第44章 剣と秘薬
過去のことを水に流して…か。
モモはたった今、サクヤに言われたことを反芻した。
彼女のように“声”を聞けないモモは、この指輪が本当にそんなことを言っているのかはわからない。
けれど、それが本当だとして。
(そんなの、許されるはずがないわ。)
自分の都合ですべてを奪っておきながら、自分の都合で幸せになるのか。
そんな自分勝手なこと、できるはずがない。
「ありがとう、サクヤ。その気持ちだけ受け取っておくわ。」
でも、あくまで気持ちだけ。
モモが本当の意味でその言葉を受け取るつもりがないことがわかったのだろう、サクヤはそれ以上追求しなかった。
その代わり、ひとり言のように呟いた。
「私は…、正直おぬしが羨ましい。」
「え…?」
その発言に、サクヤが自分を羨むところがどこにあるのかと驚く。
だって彼女は、政府の手からひとりで逃れられるくらい強くて、そして美しい。
羨むのはこちらの方だ。
自分にそんな武力や器量があれば、みんなを守ることも、ましてや別れを選ぶこともなかったのに。
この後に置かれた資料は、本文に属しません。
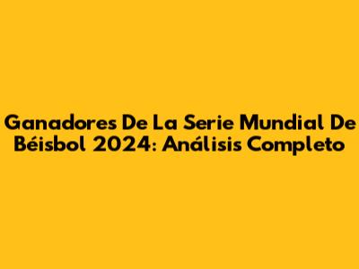 Ganadores De La Serie Mundial De Béisbol 2024: Análisis Completo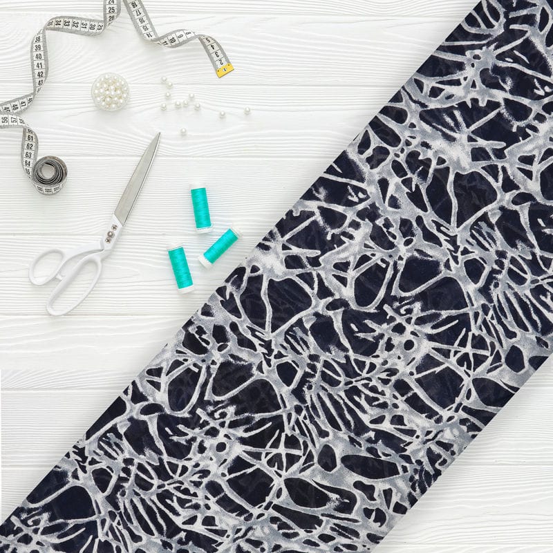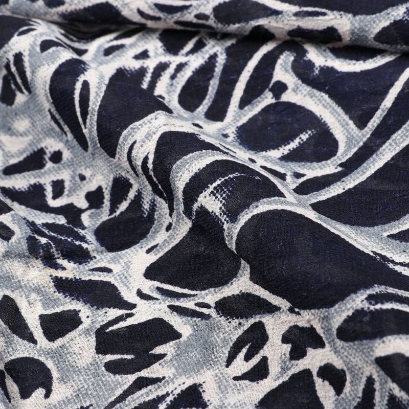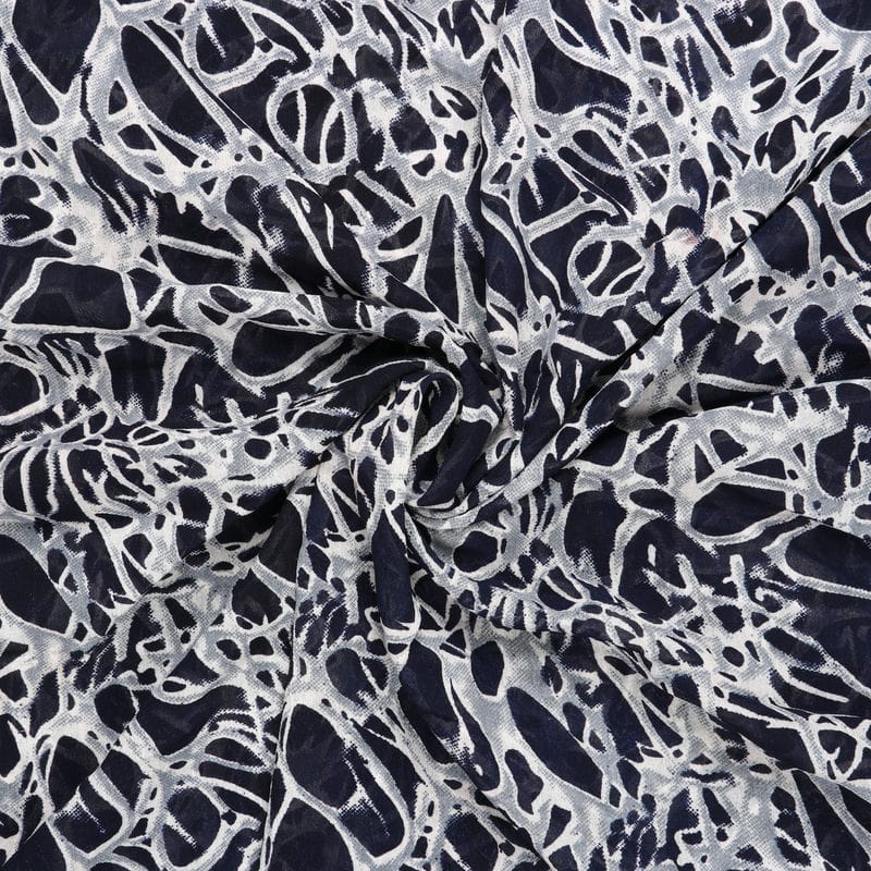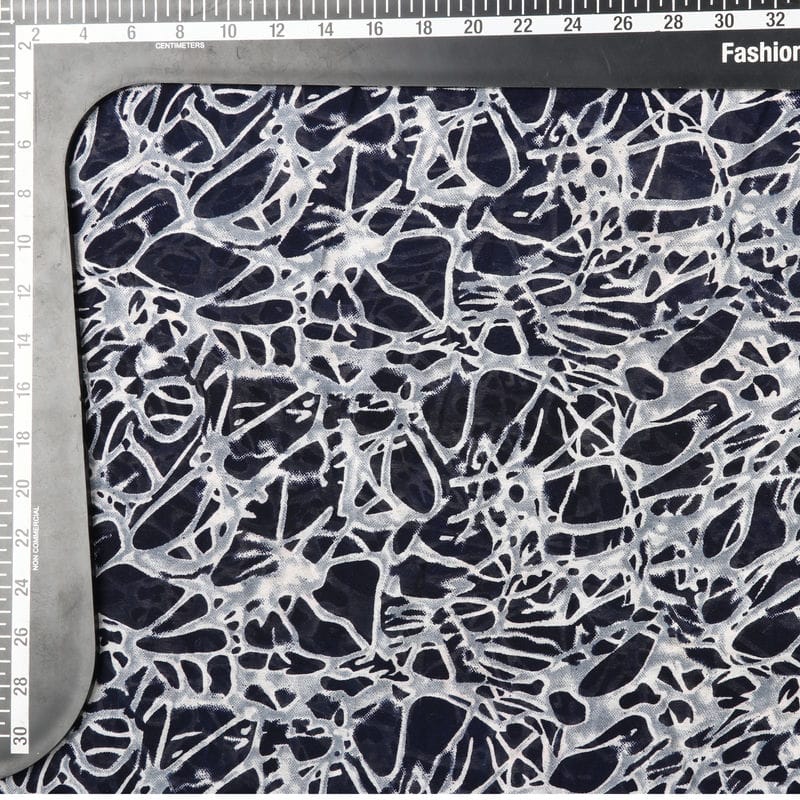 Blue And White Abstract Pattern Screen Print Georgette Fabric (Bulk)
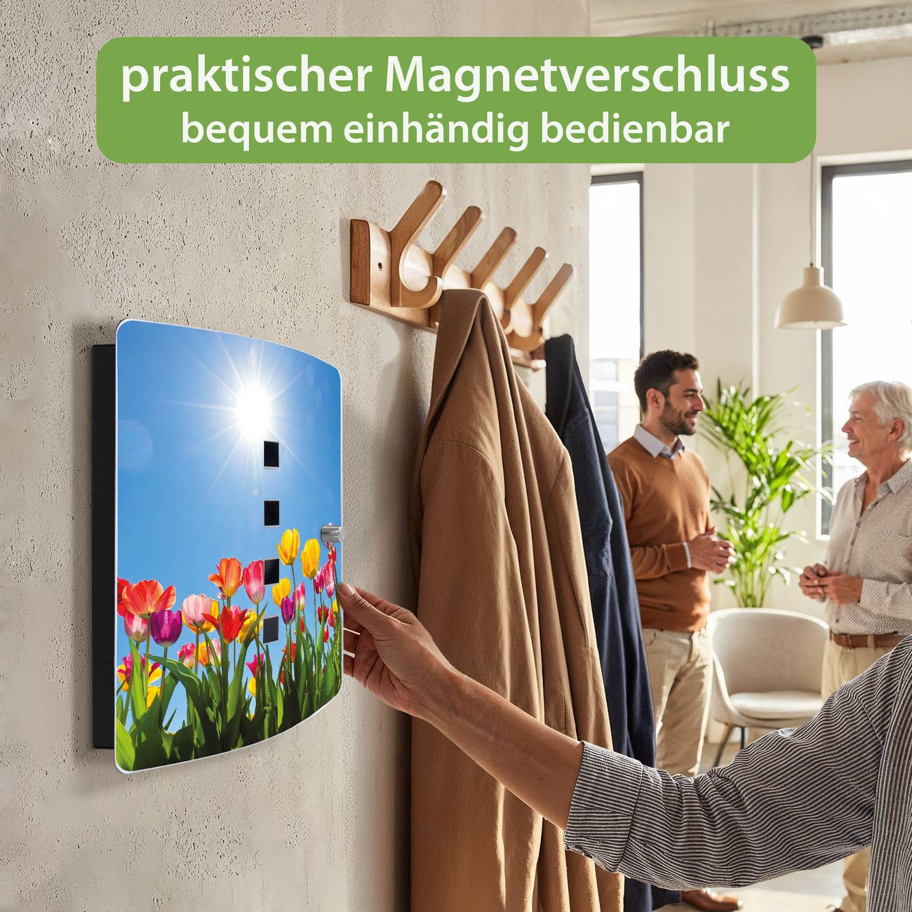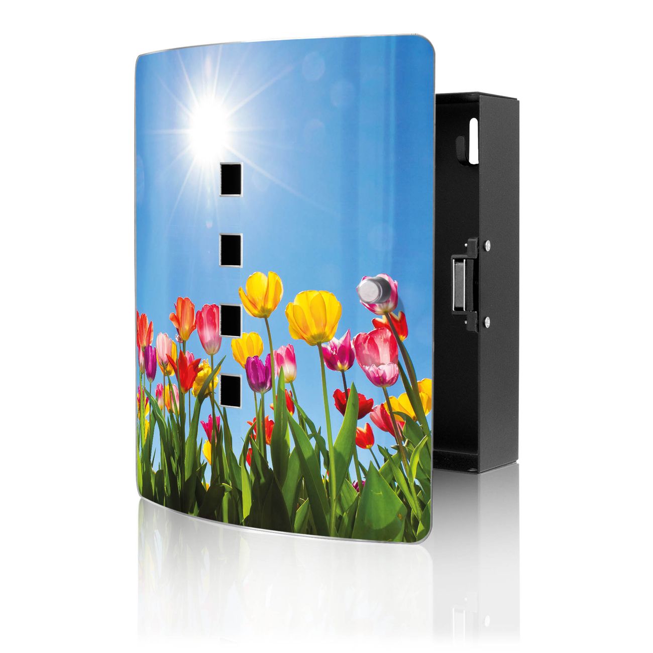Funktion / Nutzen: Die leicht geschwungene Edelstahltür ist mit einer hochwertigen Motivfolie und dem Motiv Motiv Tulpenmeer kaschiert. Ein praktischer Magnetverschluss ermöglicht Ihnen ein schnelles Öffnen und Schließen. Befestigt wird der Schlüsselkasten an 2 Stellen auf der Rückseite, passendes Montagematerial fügen wir bereits bei.

「あなたがわたしを羨むところなんて、ひとつもないでしょう?」
謙遜ではなく、本当に。
しかし、サクヤはゆるりと首を横に振った。
「いいや、羨ましいよ。おぬしは愛する者と共に生きられ、愛する者の子を産んだ。」
「……。」
「私はそれが、とても羨ましい。」
サクヤは、好きな人がいるのか…というモモの質問に答えなかった。
先ほどははぐらかされたのだと思ったが、彼女には彼女の言えない理由があるのかもしれない。
愛する人と共に生きて、愛する人との子供を産む。
女性としての幸せを、モモは確かに手に入れたのだ。
今、モモが抱える悩みは、自分にとってとても大きなもの。
けれど、多くを語らないサクヤの前で、モモはなぜだか自分の悩みがとても贅沢で恥ずかしいものに感じられた。